劉允斌
劉少奇和何寶珍的長子
劉允斌,男,劉少奇和何寶珍(又名何葆貞)夫婦的長子,1924年生於江西省萍鄉市安源煤礦,在湖南寧鄉炭子沖老家長大。
劉允斌1939年赴蘇聯,進入莫斯科莫尼諾國際兒童院學習。1940年加入中國共產黨。1946年,考入莫斯科大學化學系,學習核放射化學專業。1957年回國,曾在文化大革命中受到迫害。1967年11月21日在包頭逝世。1978年得以平反,恢復了作為中共黨員和核化學專家的名譽。2015年4月15日,俄羅斯駐華大使傑尼索夫代表俄羅斯聯邦總統普京,向32名為蘇聯衛國戰爭(1941-1945年)作出貢獻的中國公民,頒發了“偉大衛國戰爭勝利70周年”紀念獎章。劉允斌是獲獎章人之一。
人物關係
1924年生於江西省萍鄉市安源煤礦。
1938年,被接到延安,進入延安保育小學就讀。
劉少奇同劉允斌、劉愛琴在一起
1940年入蘇聯十年制中學學習,並加入中國共產黨。
1945年夏,考入莫斯科鋼鐵學院學習。
1946年,考入莫斯科大學化學系,學習核放射化學專業。其間擔任中國留蘇大學生同鄉會會長。
1949年,與受中共中央和毛澤東委託秘密出訪蘇聯的父親劉少奇相逢。
1950年,考取莫斯科大學化學系研究生,繼續攻讀核放化專業。同年,與俄羅斯的瑪拉·費拉托娃結婚。
1951年,劉允斌和瑪拉夫婦曾回中國度假,住了兩個多月。
1952年,生女索尼婭(中文名蘇蘇)
1955年,生子阿廖沙(中文名遼遼)
1955年,獲得副博士學位。此時接到劉少奇的來信,信中說“祖國和人民等待著你的歸來。在個人利益和黨的利益發生衝突的時候,我相信你一定能無條件地犧牲個人的利益而服從黨和國家的利益。”後進入莫斯科大學化學研究所擔任高級研究員。

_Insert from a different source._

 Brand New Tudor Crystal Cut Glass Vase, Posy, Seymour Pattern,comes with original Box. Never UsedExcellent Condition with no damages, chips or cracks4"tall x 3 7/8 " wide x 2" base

1957年10月,回到北京,在國家二機部所屬中國原子能研究所工作。
1962年,調到內蒙古包頭市郊外的202廠,組建中國原子能研究所第三研究室,並擔任主任,負責新型熱核材料的研製工作。文化大革命中受到迫害。
1967年11月21日在包頭逝世。
1978年得以平反,恢復了作為中共黨員和核化學專家的名譽。
劉允斌
不久,蘇德戰爭爆發,蘇聯的環境逐漸惡化。伊萬諾沃市民每天只能領到幾兩黑麵包,冬天裡沒有取暖的煤和柴。在國際兒童院學習的劉允斌每頓只能用半片麵包、幾個蘸鹽的小土豆果腹。然而,劉允斌勁頭不減,仍然情緒飽滿地積極參加學校組織的開荒種地、伐木搬柴等活動,主動為前線將士獻血……表現突出的他被選為國際兒童院學生會負責人之一。不久,劉允斌加入共青團,擔任國際兒童院團組織負責人。

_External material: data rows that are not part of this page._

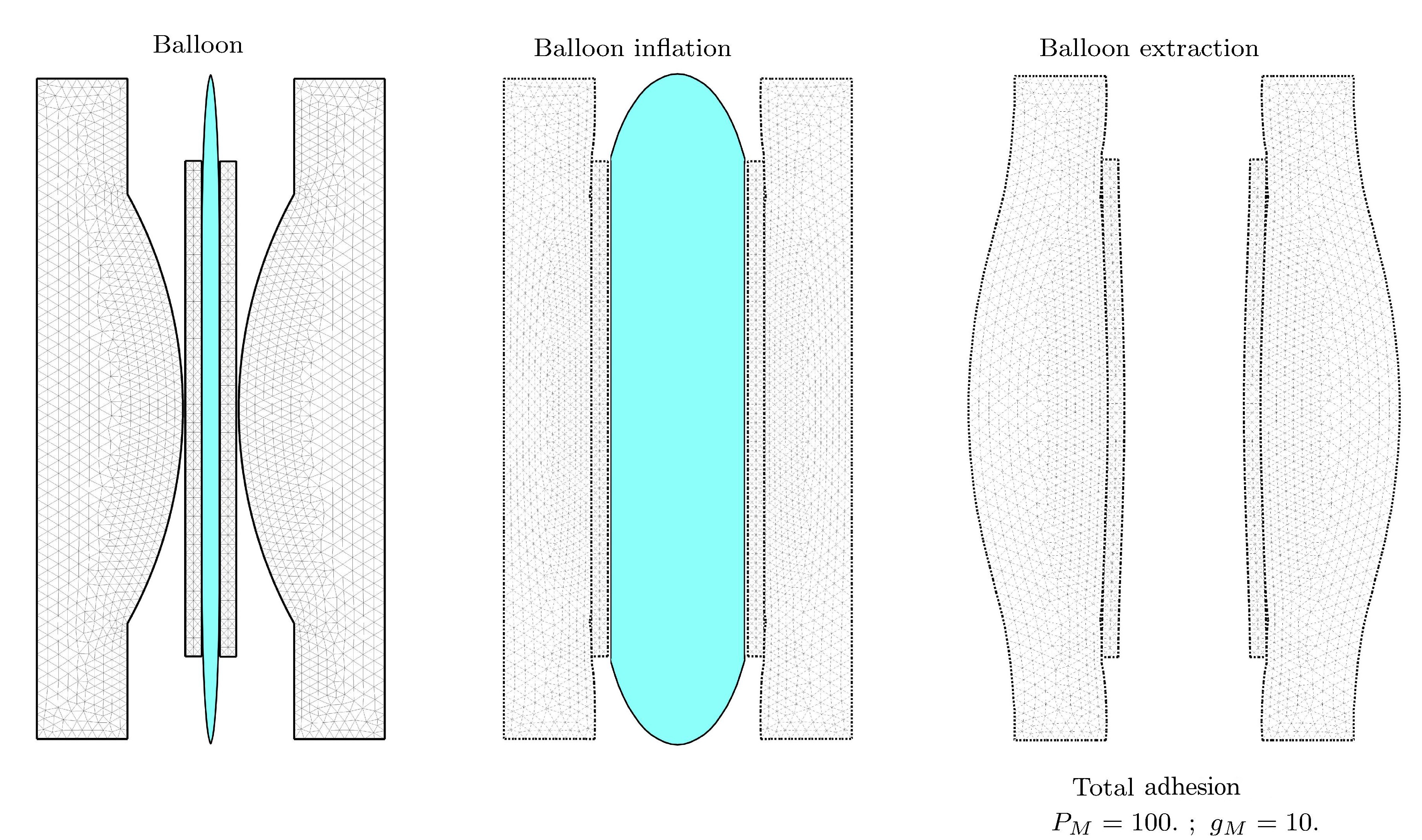 Ce séminaire présente un modèle énergétique cohérent de contact adhésif persistant pour des matériaux hyperélastiques soumis à de grandes déformations. Le modèle généralise la condition classique de contact persistant au cas adhésif, en garantissant la cohérence énergétique aussi bien au niveau continu qu’après discrétisation en temps. La formulation permet un traitement unifié des différents régimes de contact — adhérence, décohésion et glissement — tout en assurant la stabilité physique et numérique. Le cadre théorique repose sur une approche variationnelle adaptée aux comportements non linéaires. Une stratégie numérique combinant éléments finis non linéaires, intégration implicite en temps et algorithme de type Primal–Dual Active Set est proposée. Des simulations illustrent la robustesse du modèle et mettent en évidence l’influence de l’adhésion et des effets visqueux, notamment dans des applications biomécaniques.Mots clés : Contact adhésif ; Cohérence énergétique ; Hyperélasticité ; Grandes déformations ; Méthodes variationnelles.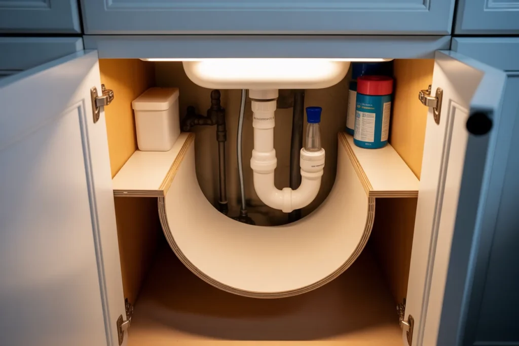 A DIY curved shelf built around plumbing pipes is the most space-efficient under-sink storage solution for awkward cabinet layouts. It uses the space pipes normally block and turns dead zones into usable storage.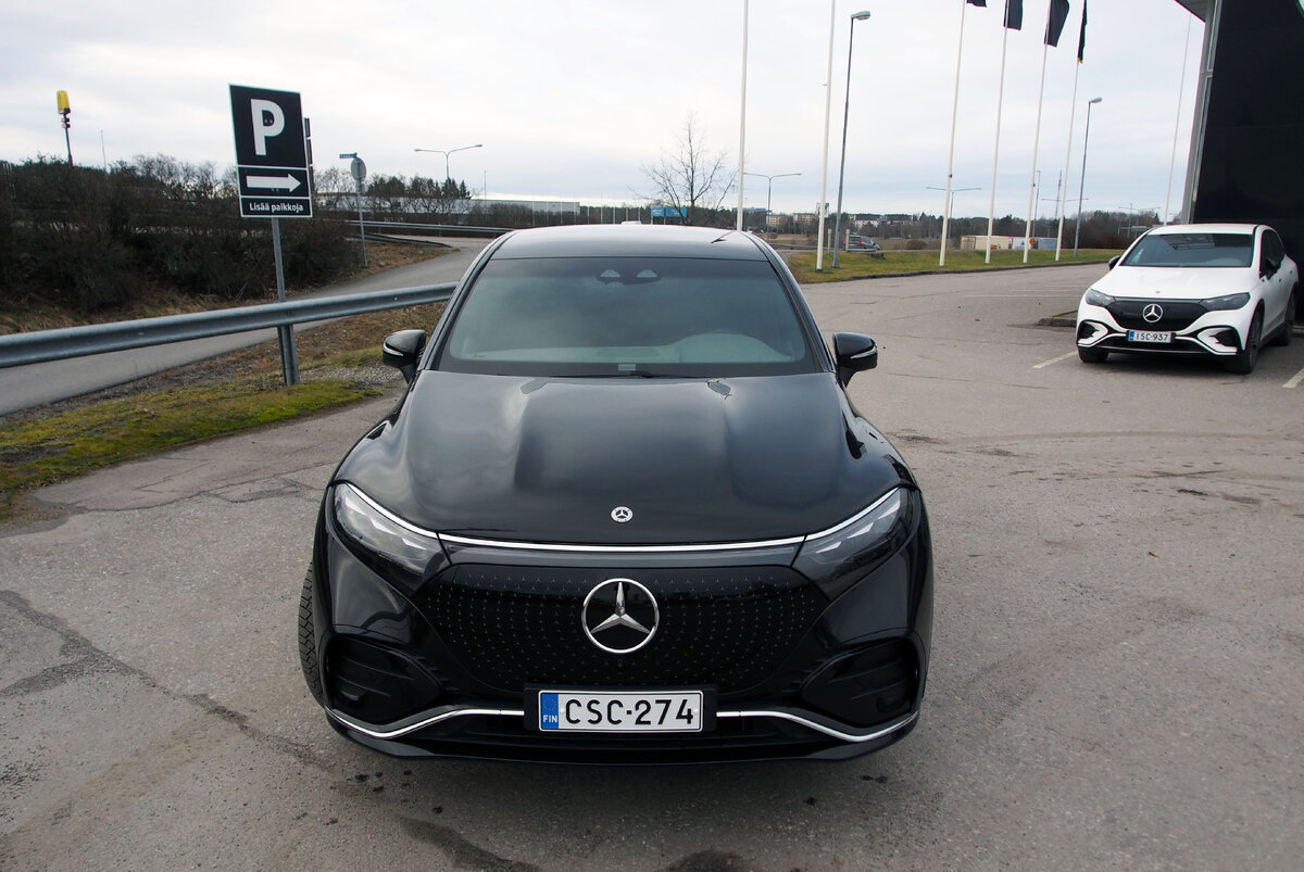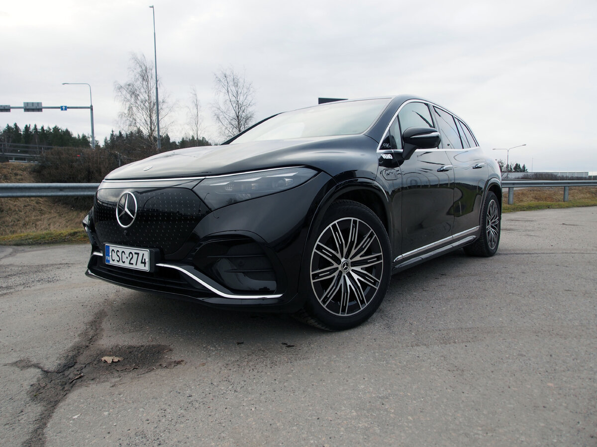 Koeajoon otettiin tällä kertaa täyssähköinen katumaasturi Mercedes-Benz EQS SUV. Se on möhkäle, mutta erittäin tyylikäs sellainen. Etusäleikössäkin on uutta ilmettä. Irvistävän kromigrillin sijaan keskellä on tuttu johtotähti, jota reunustavat kymmenet pienet tähdet. Ratkaisu on Mersun mittakaavassa suorastaan söpö.

成績優異的劉允斌高中畢業時,考慮到中國的發展離不開工業,而鋼鐵工業在整個工業體系中佔有舉足輕重的地位,於是考入莫斯科鋼鐵學院冶鍊專業。跨入鋼鐵學院那年,品學兼優的劉允斌光榮地加入了蘇聯共產黨。
美國爆炸第一顆原子彈4年後的1949年8月29日,蘇聯的第一顆原子彈試爆成功。關心時政的劉允斌注意到,蘇聯原子彈爆炸成功,立刻迫使美國對蘇聯的強硬政策緩和下來,並在國際關係中產生了連鎖反應。在觀察和思索中,劉允斌認識到:原子彈不僅能改變戰爭的結局,而且可以影響人類的命運;原子彈可以給人類帶來災難,也可以給人類帶來和平與幸福!
劉允斌的想法得到許多同學和老師的支持,他做出人生旅程中的重大選擇:改學核專業,搞核研究。從莫斯科鋼鐵學院畢業的劉允斌轉入莫斯科大學,成為核物理學研究生。1955年畢業,獲副博士學位。
1957年10月,衝破重重阻力的劉允斌,背著簡單的行李,毅然踏上返回祖國的旅程。
銀灰色的中國民航客機徐徐降落在北京機場,32歲的劉允斌急步走下舷梯,熱情地同前來歡迎他的人們握手、寒暄,然後登車駛向中南海。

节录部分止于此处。